The two wingers stretching the pitch and staying wide meant that the central players had space to operate and roam around. The striker wasn't a typical number 9; he was a false-9, which disrupted the opponent's defence because he looked to drop into the midfield and often caused a defender to follow and create a gap in the defence. This allowed either one of the wide men to move in centrally or the attacking midfielder to penetrate that gap. But this wasn't heavily relied upon. The attacking midfielder didn't purely focus on getting in behind because he also had to help overload in the defending teams' midfield, creating a 5x4 situation (if the opponents played a 4-4-2) again, gaining a numerical advantage.
OFF THE BALL
The attacking players had the job of releasing pressure on the defence, and this meant they had to engage and press high; this also allowed the defence line to be higher, to remain compact. Being compact also helped with their transitional play, as players remained close to each other, and this meant it was easier for them to roam around and swap positions. It was important to win the ball back as quickly as the team could because a long period without the ball could be dangerous and left the team vulnerable.

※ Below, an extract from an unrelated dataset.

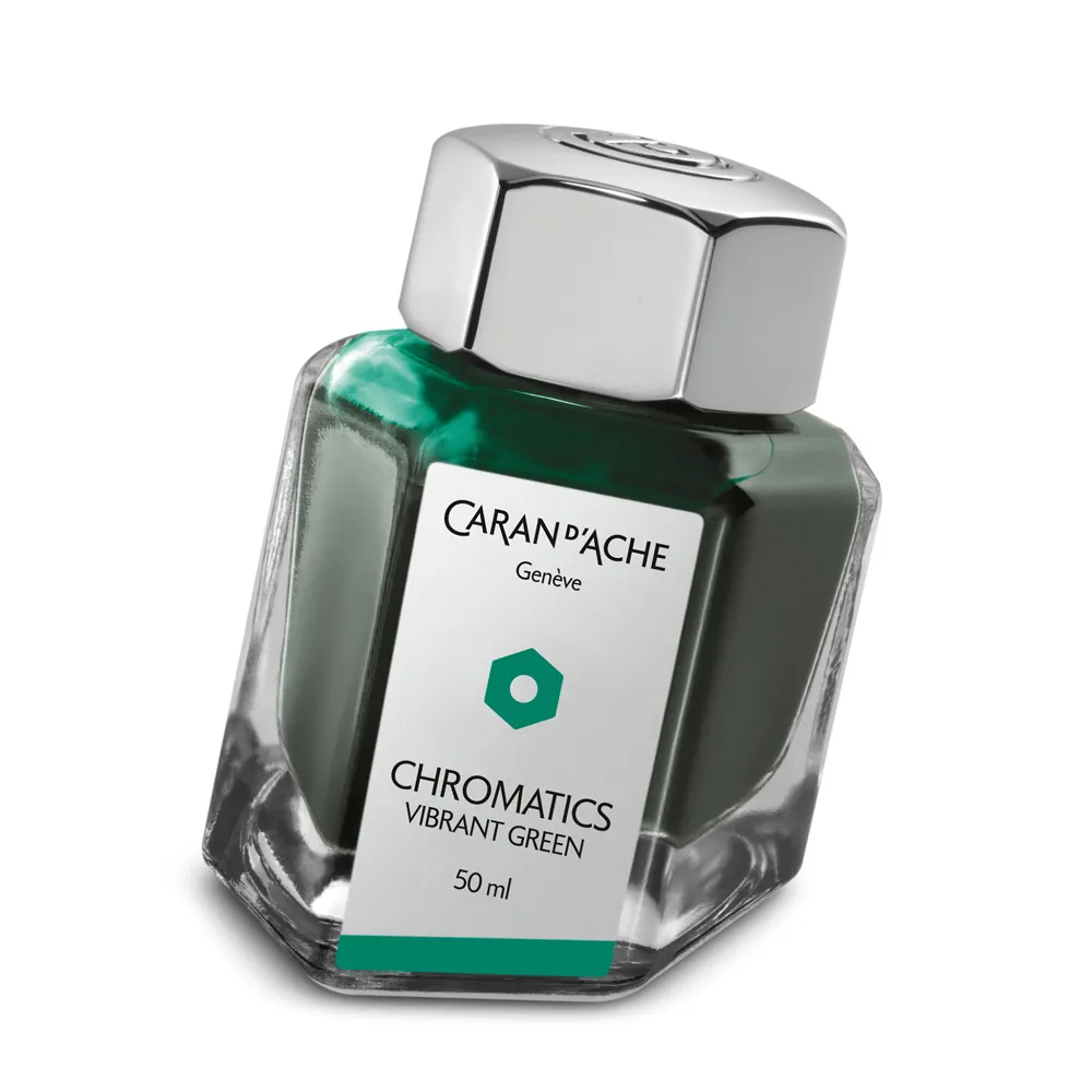 Marka Caran d’Ache powstała w 1915 roku i jest jedynym wytwórcą przyborów do pisania w Szwajcarii. Nazwa firmy nawiązuje do ołówka. Od powstania firmy aż po dziś, wszystkie produkty powstają w fabryce zlokalizowanej w Genewie i z przedmiotów codziennego użytku uczyniła prawdziwe dzieła sztuki. Atramenty Chromatics cechują się intensywnymi barwami i mocnym pigmentem. Do wyboru mamy aż dwanaście różnych kolorów. Pięknie zaprojektowane flakoniki w kształcie graniastosłupa zwracają uwagę i ułatwiają napełnianie pióra.Wysoka jakość

Naturally, having many attacking players meant that they could transition into their press smoothly, and if they had to start their press centrally, they were able to shift their opponents out wide to make the pitch seem smaller for them, which is what Cruyff loved to do. Make the pitch small when out of possession but expand it when in possession. Because of shifting the opponents out wide, the wingers or wide men became important to the press as they could stop the ball from coming back inside, and this forced panic and errors.
Johan Cruyff was fascinated by angles and triangles, not just in football. But in football, he felt the more triangles you have, the more options to play. But he also didn't like them on the same lines; for example, with the triangle between the DM and two CMs, the DM would be deeper to avoid all 3 midfielders being out of the game if one had lost the ball.
3-4-3 wasn't the only system Cruyff used and the 4-3-3 was the formation he predominantly used before introducing the 3-4-3 and it was in the 4-3-3 we got to see him use inverted-wing backs. He could also form a diamond using the 4-3-3 but he felt it lacked width once the diamond was formed and the 3-4-3 gave him more triangles and diamonds.
And that wraps up my tactical analysis on Johan Cruyff's 3-4-3. I hope you have enjoyed the read.